Attaques japonaises, Décembre 1941 - Juillet 1942.

Pour cause. Sur les 25 navires touchés à Pearl Harbor, seuls 3 ne seront pas réparés : l'Arizona (trop endommagé, la coque est coupée en deux), l'Oklahoma (trop endommagé, percé de partout, retourné et surtout tombeau de centaines de marins) et l'Utah (trop vieux, ça ne valait pas le coup). Tous les autres sont mis en chantiers et reprennent du service entre début 1942 et fin 1943. Le West Virginia est renfloué, le Shaw retapé, les navires retournés remis sur leur quille. L'aviation se remet rapidement. Beaucoup de matériel de cassé mais peu de pertes humaines. Une semaine après l'attaque, la garnison est de nouveau complète. Mi-janvier 1942, la base de Pearl Harbor est de nouveau totalement opérationnelle.

Renflouage du U.S.S. Oklahoma en vue de son ferraillage en 1943.

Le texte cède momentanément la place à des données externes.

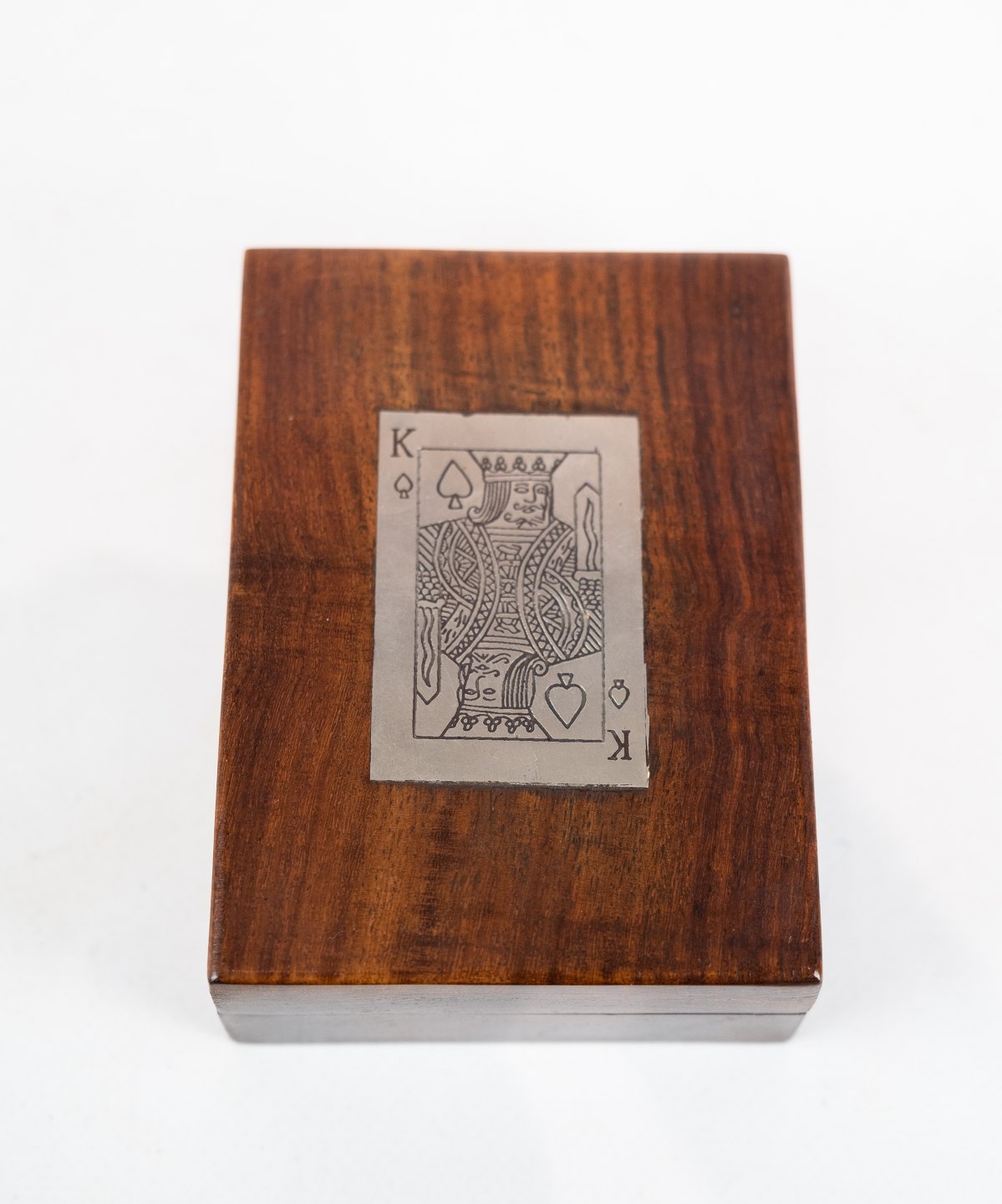 Box for and decorated with playing cards in rosewood. The box is in great vintage condition.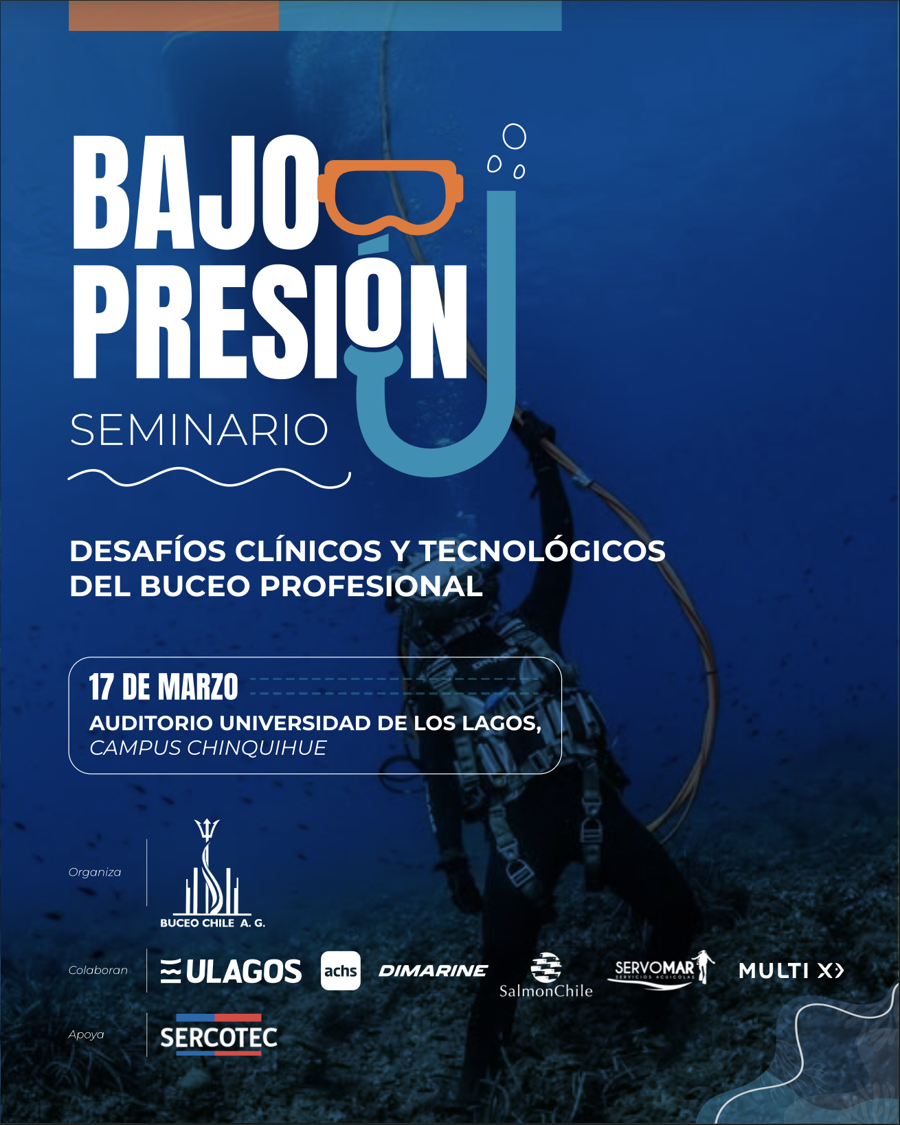 Te invitamos a participar en el Seminario “Bajo Presión: Desafíos Clínicos y Tecnológicos del Buceo Profesional”, un espacio de análisis y diálogo sobre medicina hiperbárica, innovación tecnológica y prevención de riesgos en el buceo industrial.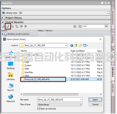 3. 在項目中導(dǎo)入S7-300/400的Drive_Lib庫。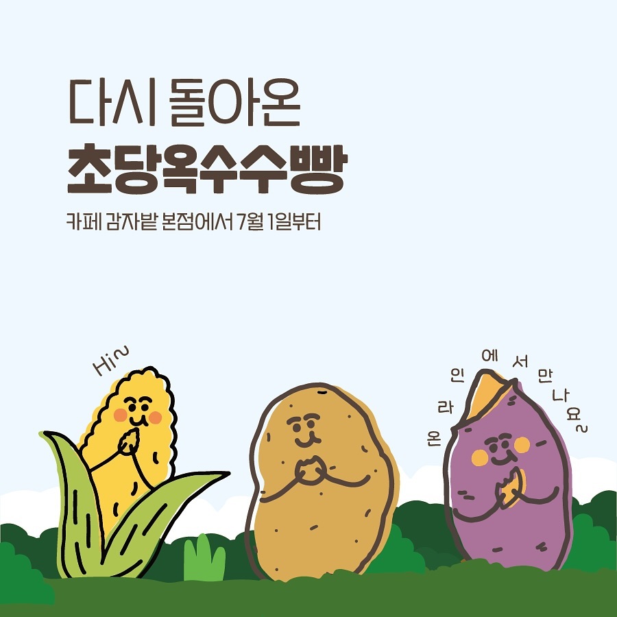 옹심이들이 기다리고 기다려주셨던초당옥수수빵이 7월1일 오늘부터카페감자밭 본점에서 만나볼 수 있습니다 .ᐟ수많은 테스트를 거쳐 이전보다 더 풍미있는 맛으로 찾아왔으니옹심이들 맞이 할 준비 하고 있을게요 👉🏻👈🏻군고구마빵은 온라인몰에서 만나요 🍠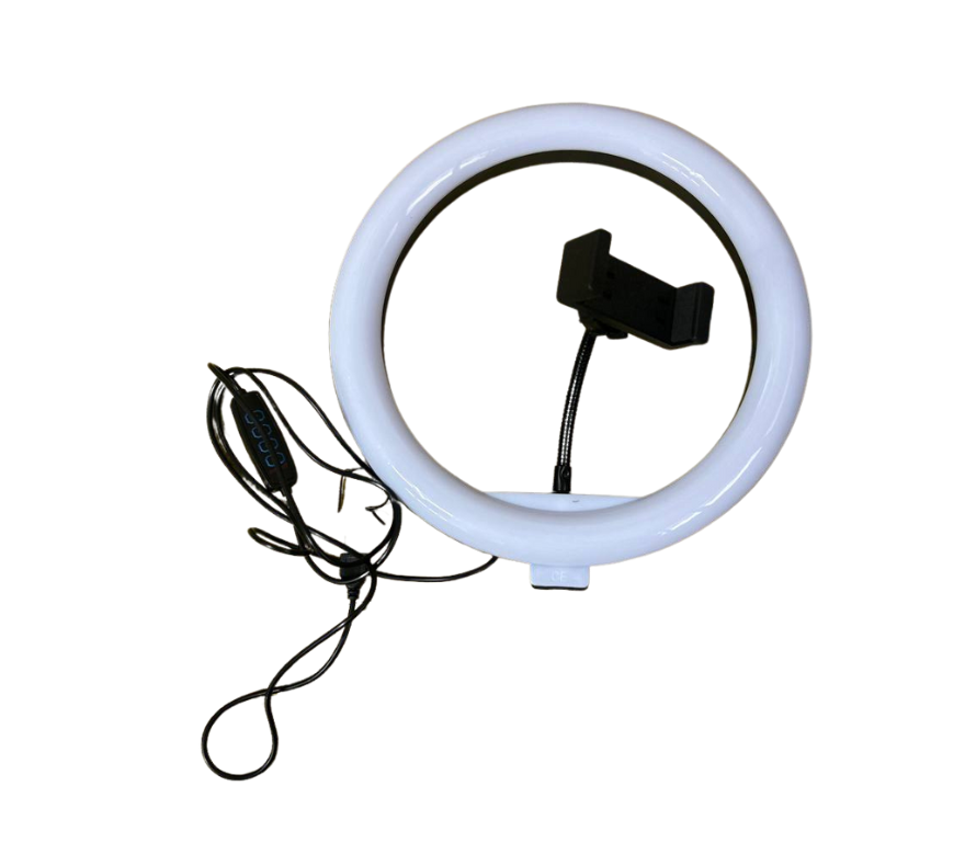 Aro de luz LED profesional de 10 pulgadas (26 cm) con soporte para móvil y trípode ajustable de 120 cm. Perfecto para streaming, maquillaje, videollamadas, TikTok, fotografía y grabación de contenido. Control integrado con varias temperaturas de color (fría, neutra y cálida) y niveles de intensidad.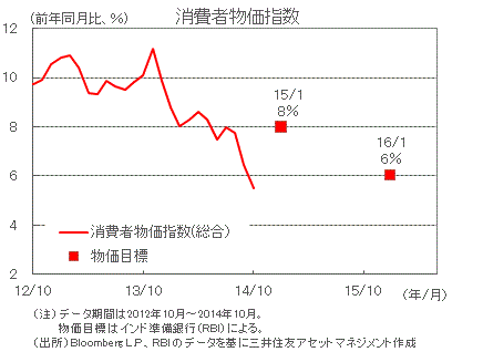■物価上昇率は、原油価格の下落や通貨の安定などから、RBIの2015年1月の目標である8%以下を達成しそうです。RBIは、物価の落ち着きが 見込まれることから、2015年前半にも利下げに踏み切りそうです。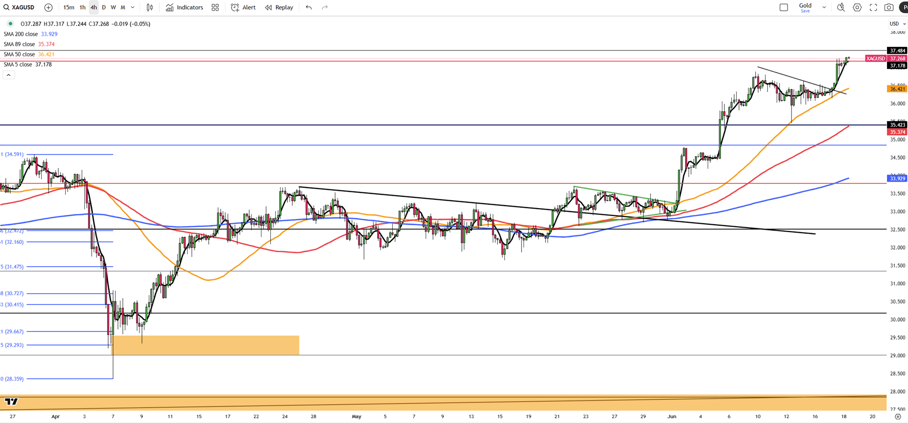 El XAG/USD subió un 0,3 % hasta los 37,23 dólares el miércoles, aunque las ganancias se vieron limitadas por la fortaleza del dólar estadounidense, ya que los inversores se refugiaron en activos seguros ante la escalada de las tensiones geopolíticas y la cautela ante la decisión de la Reserva Federal. La plata siguió siendo un valor refugio, pero la fortaleza del dólar la hizo menos atractiva para los compradores no estadounidenses. Los mercados esperan ahora las declaraciones del presidente de la Fed, Jerome Powell, en busca de pistas sobre la política futura y la dirección a corto plazo de la plata.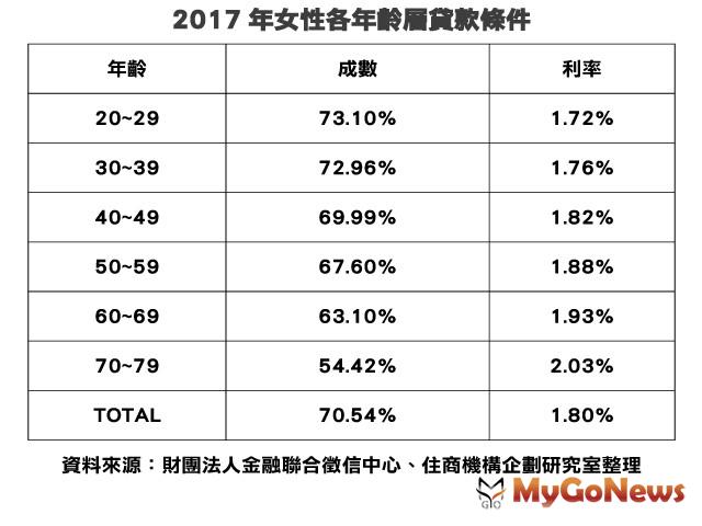 住商機構企劃研究室依據金融聯徵中心資料,統計2017年各年齡層女性的貸款條件,全體平均貸款成數七成、貸款利率1.80%,貸款條件最好的年齡層是20~29歲,貸款成數73.10%、利率1.72%,隨著年齡層越來越高,成數愈來越低、利率越來越高,年齡邁入4字頭,貸款成數不到七成,利率方面,除70歲以上利率達2%之外,其餘皆低於2%。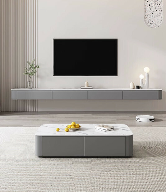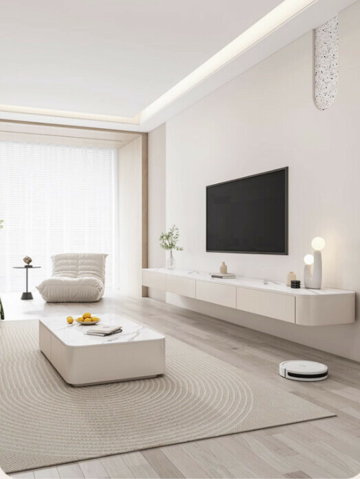 熱推客廳岩板懸空電視櫃(奶油白)【2.0米】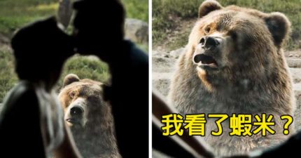 萌熊「滿臉問號」亂入新人合照 親下去大傻眼…終結浪漫
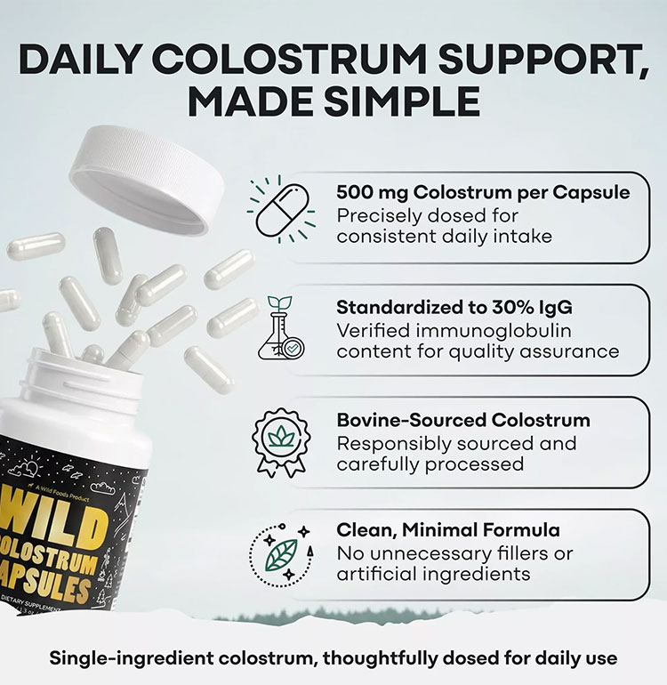 Beyond immune support, colostrum helps maintain gut lining integrity and supports normal digestive function. It contains naturally occurring compounds that may assist in supporting gut microbiota and nourishing intestinal health.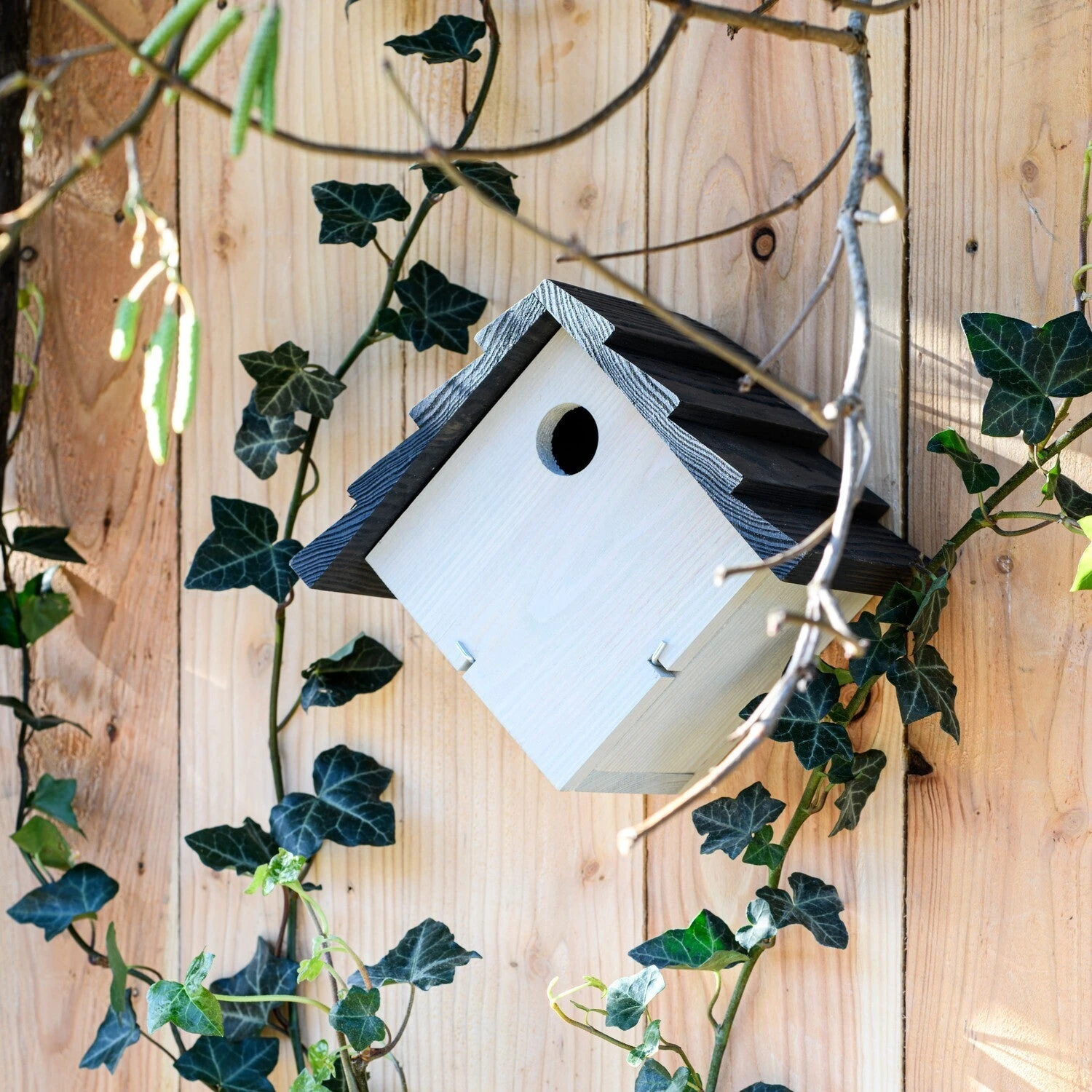 Deze tweekleurige nestkast van Intratuin heeft een invliegopening van 32 mm diameter, waardoor het geschikt is voor de boommus, huismus, pimpelmees, koolmees en de zwarte mees. Het dennenhout is behandeld met een niet giftige houtbeits op waterbasis. De voorkant is eenvoudig te openen voor reiniging. Hang de nestkast eenvoudig op aan een schroef of een spijker. In de achterkant zit een gaatje geboord.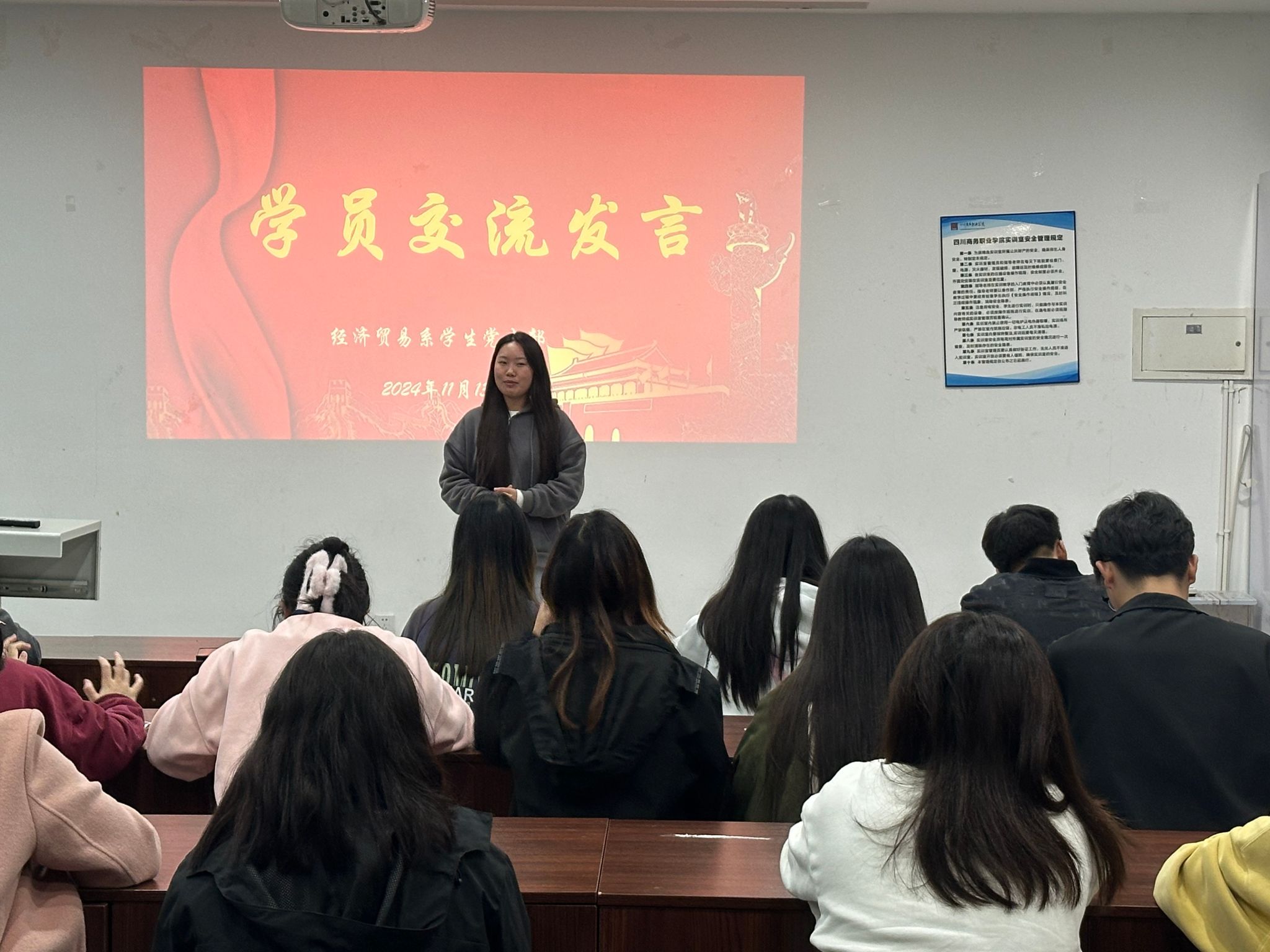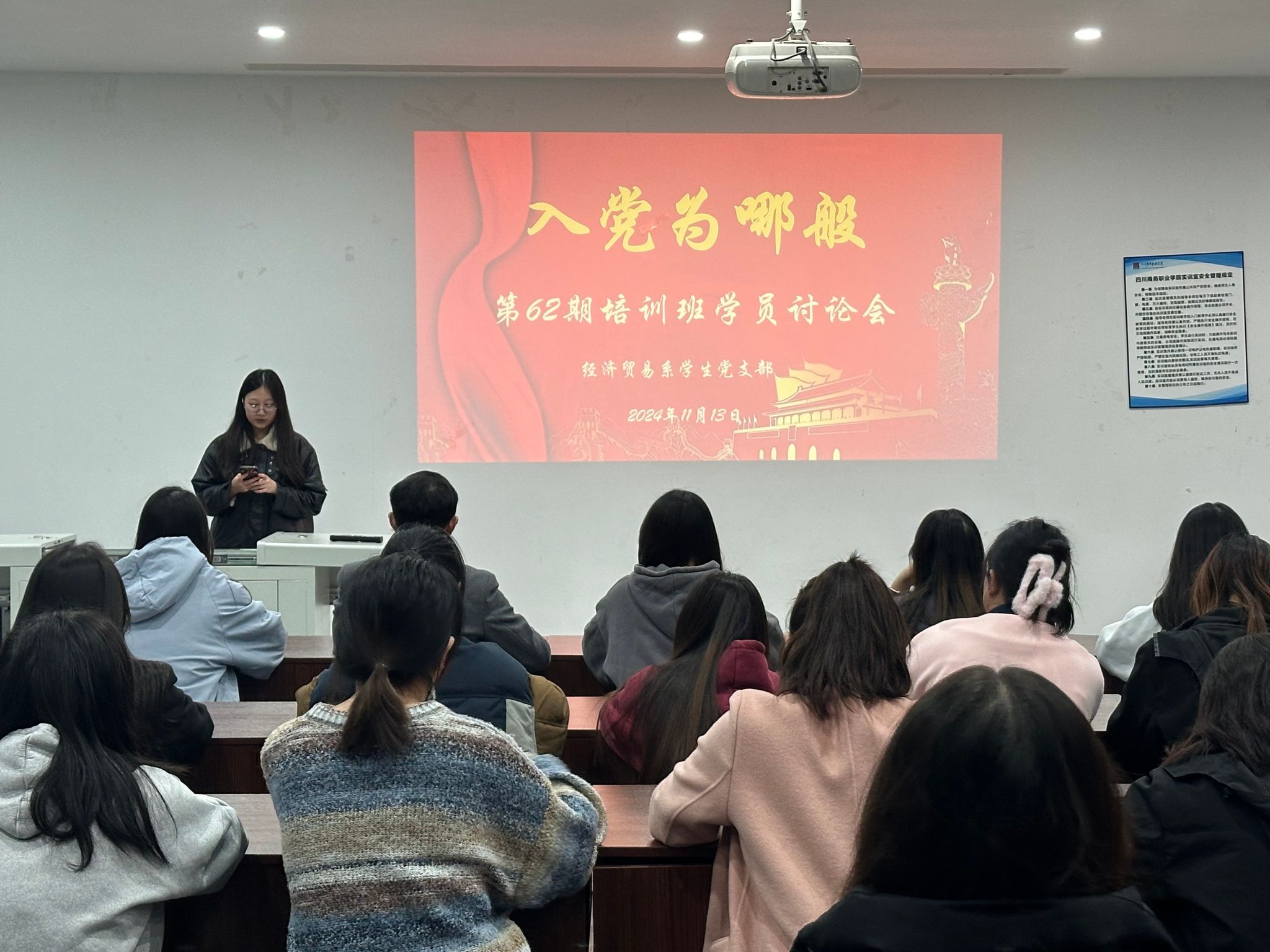 11月13日晚,经济贸易系学生党支部在5104教室召开2024年下半年党培对象“入党为哪般”专题讨论会。学生支部书记马如龙,第62期入党积极分子、发展对象和预备党员培训班全体学员参加讨论活动。

Yamamoto avait dit qu'il fallait écraser les Américains en six mois et les forcer à la paix si le Japon voulait l'emporter. C'était prophétique. En tentant d'envahir l'Atoll de Midway début Juin 1942, six mois presque jour pour jour après Pearl Harbor, l'Empire du Japon subit la première riposte d'envergure de la part des Américains. Sa force aéronavale se trouve réduite de moitié en deux jours. Dans la seule après-midi du 5 Juin 1942, le Kaga, l'Akagi et le Soryu sont coulés lors d'une seule attaque, le Hiryu subira le même sort cinq heures plus tard. De nouveau maîtres des mers, les Américains contre-attaquent à Guadalcanal au mois d'Août 1942, et commencent leur reconquête de l'Océan Pacifique.

Cette guerre, symbole d'un choc des cultures entre deux peuples qui se croient supérieurs, se haïssent et ne peuvent ni ne veulent se comprendre, sera particulièrement atroce et acharnée. Elle se soldera par la seule utilisation de l'arme atomique en temps de guerre, et ne s'achèvera qu'en Septembre 1945 après avoir manqué d'entraîner le peuple japonais au suicide.

Le U.S.S. Arizona sera définitivement coulé et transformé en mémorial, au cœur même de la rade de Pearl Harbor. Visible sur Google Map.